Vietnamese: điểm hỏng duy nhất — nếu nó hỏng, cả hệ thống sập

Literal meaning (architecture): A component in a system that, if it stops working, brings down the entire system. Good architecture eliminates single points of failure through redundancy and replication.

Metaphorical meaning (people & teams): One person or process that everything else depends on. If that person leaves, gets sick, or is unavailable, the whole workflow breaks.


Usage Examples

  1. Technical context: “The primary database with no replica was a single point of failure — the night it went down, the entire platform was offline for six hours.”

  2. Team/human context: “Jake is the only one who knows how to deploy to production.

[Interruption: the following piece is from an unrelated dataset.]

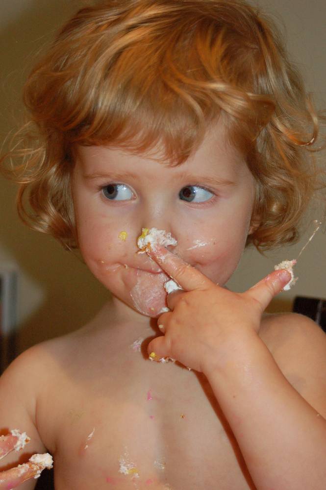 Don't ask me why, she just happens to like food on her nose.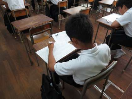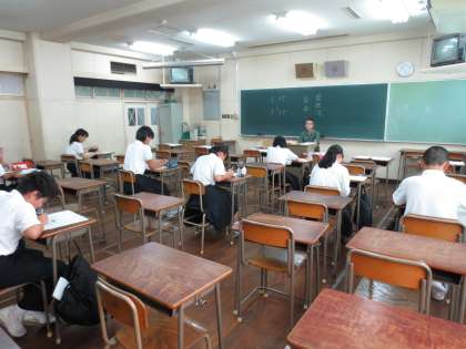 本日1限、『美中・ザ・チャレンジ〜自分の漢字力を知ろう〜』が開講されました。漢字検定の7級相当から2級相当の問題のうち、自分が選んだ級にチャレンジします。中学校卒業程度は3級が相当とされています。皆真剣に問題に取り組んでいました。なお淀川区では『漢字名人育成計画』事業が施策として取り入れられており、いずれかの学年を対象に漢字検定受験料が補助されます。本校では毎年2学期に、2年生が本事業を活用して漢字検定に臨んでいます。

He’s a single point of failure for the whole release process — we need to document that and cross-train someone else.”


How to use it naturally:

  • “We need to eliminate this single point of failure before launch.”
  • “Don’t let any one person become a single point of failure on your team.”
  • “The load balancer itself became a single point of failure — ironic, given its purpose.”

Build your architecture English vocabulary by watching engineers explain real systems in English:

1. System Design Interview — Alex Xu (YouTube) Search: “System Design Interview channel YouTube” Why: Real interview conversations using terms like idempotent, consistency, throughput, and CAP theorem. You hear how experienced engineers actually speak about these concepts — not textbook English.

2. TechWorld with Nana Search: “TechWorld with Nana Kubernetes” Why: Nana explains Kubernetes, Docker, and microservices with clear, slow, precise English. Great for following along because her vocabulary is technical but her delivery is accessible. Watch with subtitles first, then without.

3. ByteByteGo (YouTube + Newsletter) Search: “ByteByteGo system design” Why: Short animated videos (under 5 minutes) that diagram complex concepts — rate limiting, idempotency, load balancing — while a narrator explains each piece. The narration script is clean, formal English you can copy directly into your own writing.


Morning Challenge

Time required: 5 minutes

Open your most recent pull request description (or the last Jira ticket you wrote). Read through it once.

Now rewrite just the summary paragraph using at least three of today’s words: idempotent, latency, and fault-tolerant.

If none of the words apply naturally to your current PR — write one sentence for each word describing a hypothetical improvement you could make to the system you are working on right now.

Example output:

“This PR makes the order-confirmation webhook handler idempotent so retries from the payment gateway don’t create duplicate records. It also reduces response latency by moving the email dispatch to a background queue. The updated architecture is more fault-tolerant because the webhook can now succeed even if the email service is temporarily down.”

Post your rewritten paragraph in a comment on the PR itself. Writing for a real audience, in a real place, is what makes vocabulary stick.


Good morning. One word, used precisely, is worth ten used vaguely. Make idempotent yours today.